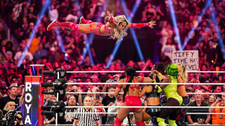 Al contrario que Bron Breakker, Tiffany Stratton todavía no ha sido ascendida al elenco principal de WWE. Al menos no se anunció hasta ahora, ¿quizá sucederá en SmackDown? Pero la luchadora de NXT también participó en el Royal Rumble 2024. No tuvo una gran actuación, ni mucho menos al nivel de lo que se espera de su futuro como Superestrella, pero entró como número 29 en la batalla real de 30 luchadoras, estuvo casi 7 minutos sobre el ring y eliminó a Roxanne Pérez.
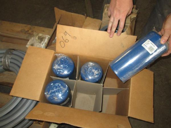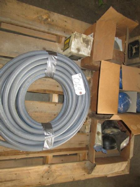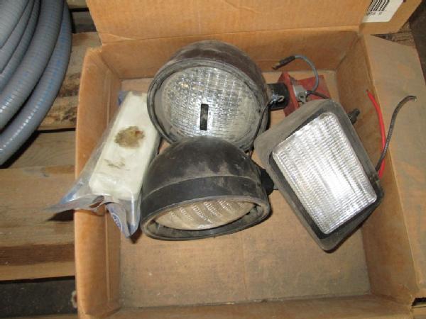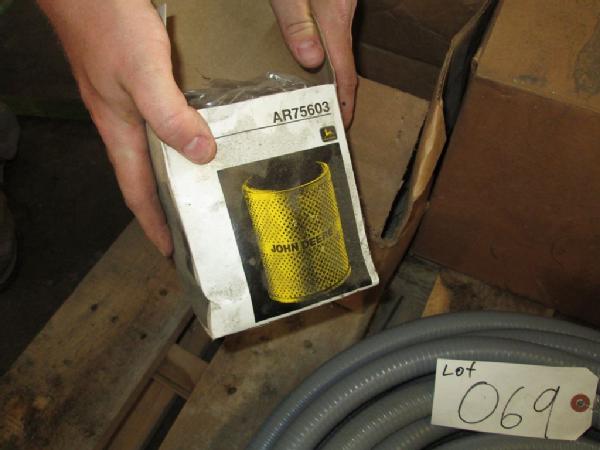 Conduit, Oil Fiters and Lights (Item #069), approx. 50" of 3/4 flex conduit (new), 3 tractor headlights (have been tested to ensure they work), 4 large oil filters, air filter and bin caulk.
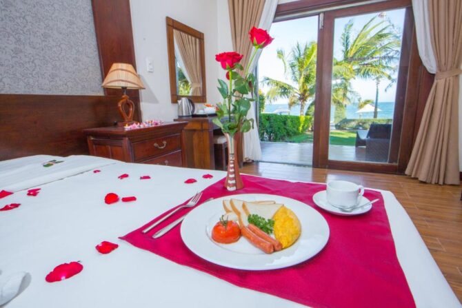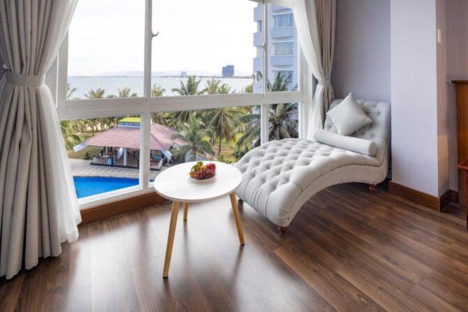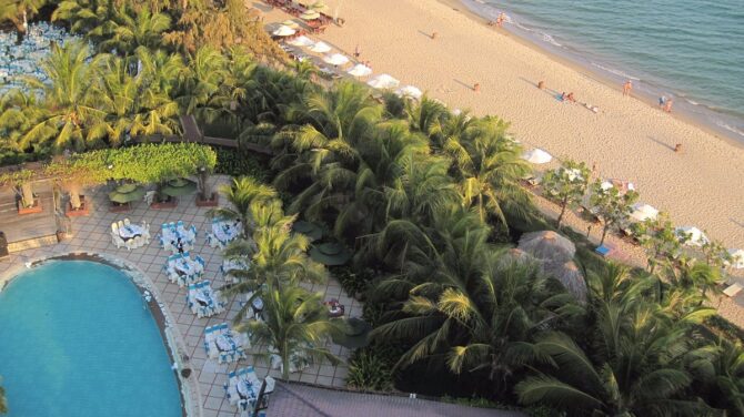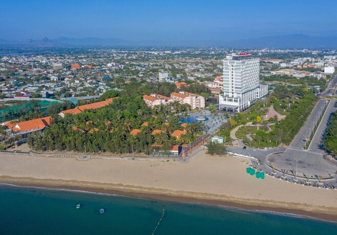 Saigon — Ninh Chu Hotel & Resort 4* построен на берегу Южно-китайского моря, имеет собственный пляж. Он принадлежит компании Saigontourist Group, отели которой отличаются элегантностью, современностью и удобным расположением. В фонде – 114 номеров, оформленных в нежных пастельных тонах. В них нет лишних предметов обихода, каждое кресло и кровать идеально подходят для полного расслабления. В ресторанах Seaview, Nha Mat, Ocean и на открытых террасах подаются знаменитые фирменные блюда из местных морепродуктов. Отель предлагает полный спектр услуг, включая открытый бассейн, фитнес-центр, бары, теннисный корт, детскую игровую площадку, караоке. Утром для постояльцев накрывается завтрак. Можно воспользоваться общим Шведским столом или заказать азиатскую, вегетарианскую/веганскую еду. Экскурсионное бюро отеля предоставляет возможность исследовать множество уникальных мест, таких как: Башня По Клонг Гарай, залив Вин Хи, пещера Рай, виноградник Ба Мой, песчаный холм Нам Куонг.
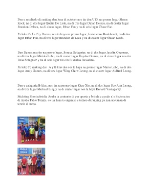 Den e resultado di ranking den luna di october nos tin den U13, na prome lugar Shaun
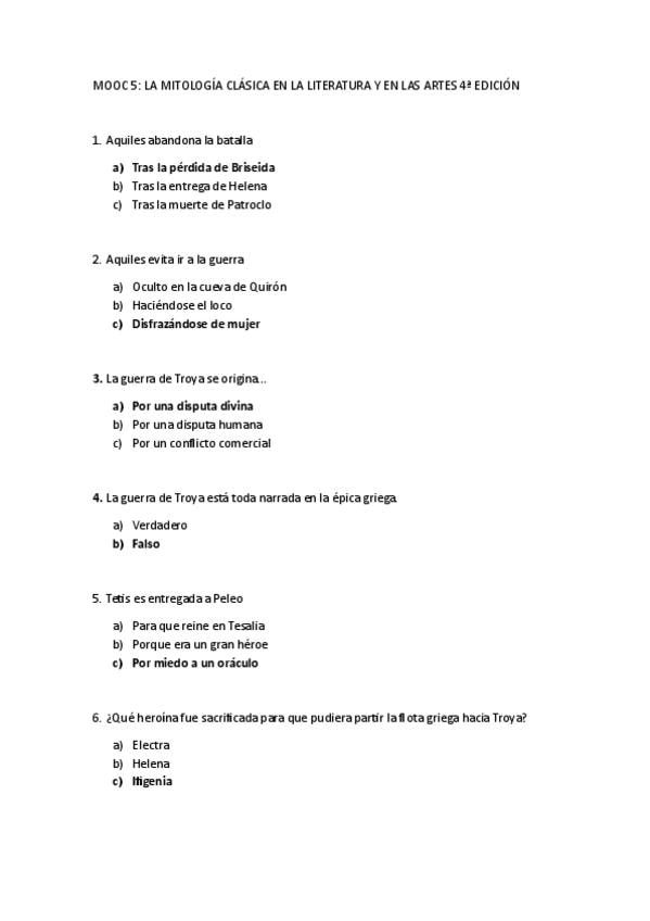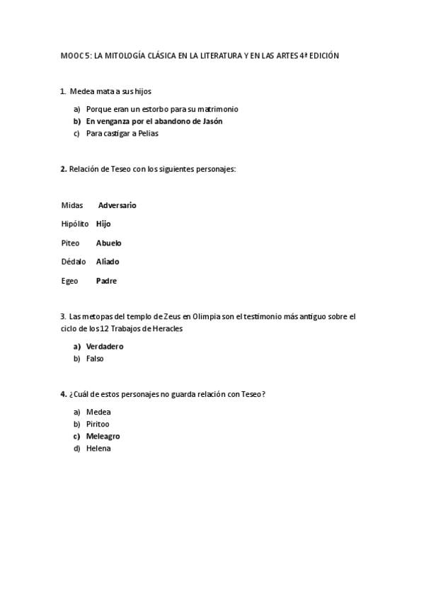 2º cuestionario MOOC mitología clásica 4ª Edición
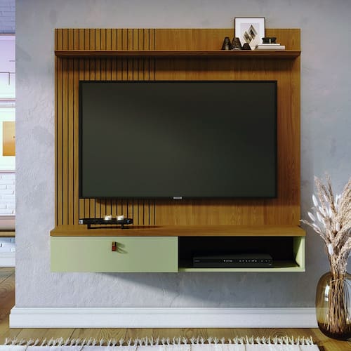 Características: Estrutura em MDP Pintura semi brilho Porta Basculante Dobradiças Metálicas Puxador com acabamento dourado fosco e revestimento que simula couro Prateleira superior com borda chanfrada Painel lateral frisado Espaço para TV até 55 Polegadas.
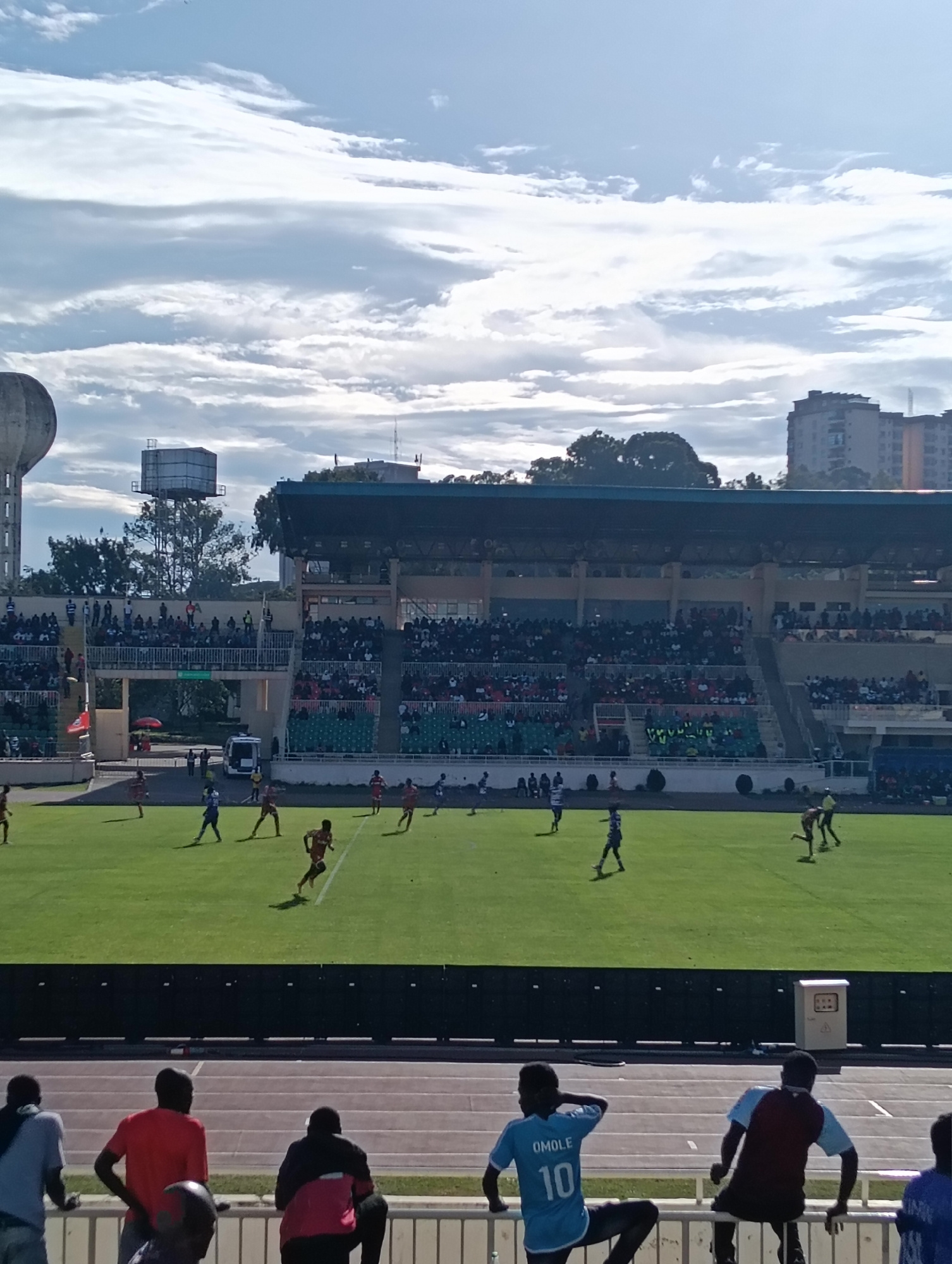 This image captures an outdoor football (soccer) match underway at a stadium in Nairobi, Kenya, during bright daytime with a partly cloudy sky. The main focus is the green football pitch, where numero…read more

### TASK DIRECTIONS:
Pictures are to be dropped; every line of the records is to be returned unchanged.

### WRITTEN RESPONSE:
 Al contrario que Bron Breakker, Tiffany Stratton todavía no ha sido ascendida al elenco principal de WWE. Al menos no se anunció hasta ahora, ¿quizá sucederá en SmackDown? Pero la luchadora de NXT también participó en el Royal Rumble 2024. No tuvo una gran actuación, ni mucho menos al nivel de lo que se espera de su futuro como Superestrella, pero entró como número 29 en la batalla real de 30 luchadoras, estuvo casi 7 minutos sobre el ring y eliminó a Roxanne Pérez.
 Conduit, Oil Fiters and Lights (Item #069), approx. 50" of 3/4 flex conduit (new), 3 tractor headlights (have been tested to ensure they work), 4 large oil filters, air filter and bin caulk.
 Saigon — Ninh Chu Hotel & Resort 4* построен на берегу Южно-китайского моря, имеет собственный пляж. Он принадлежит компании Saigontourist Group, отели которой отличаются элегантностью, современностью и удобным расположением. В фонде – 114 номеров, оформленных в нежных пастельных тонах. В них нет лишних предметов обихода, каждое кресло и кровать идеально подходят для полного расслабления. В ресторанах Seaview, Nha Mat, Ocean и на открытых террасах подаются знаменитые фирменные блюда из местных морепродуктов. Отель предлагает полный спектр услуг, включая открытый бассейн, фитнес-центр, бары, теннисный корт, детскую игровую площадку, караоке. Утром для постояльцев накрывается завтрак. Можно воспользоваться общим Шведским столом или заказать азиатскую, вегетарианскую/веганскую еду. Экскурсионное бюро отеля предоставляет возможность исследовать множество уникальных мест, таких как: Башня По Клонг Гарай, залив Вин Хи, пещера Рай, виноградник Ба Мой, песчаный холм Нам Куонг.
 Den e resultado di ranking den luna di october nos tin den U13, na prome lugar Shaun
 2º cuestionario MOOC mitología clásica 4ª Edición
 Características: Estrutura em MDP Pintura semi brilho Porta Basculante Dobradiças Metálicas Puxador com acabamento dourado fosco e revestimento que simula couro Prateleira superior com borda chanfrada Painel lateral frisado Espaço para TV até 55 Polegadas.
 This image captures an outdoor football (soccer) match underway at a stadium in Nairobi, Kenya, during bright daytime with a partly cloudy sky. The main focus is the green football pitch, where numero…read more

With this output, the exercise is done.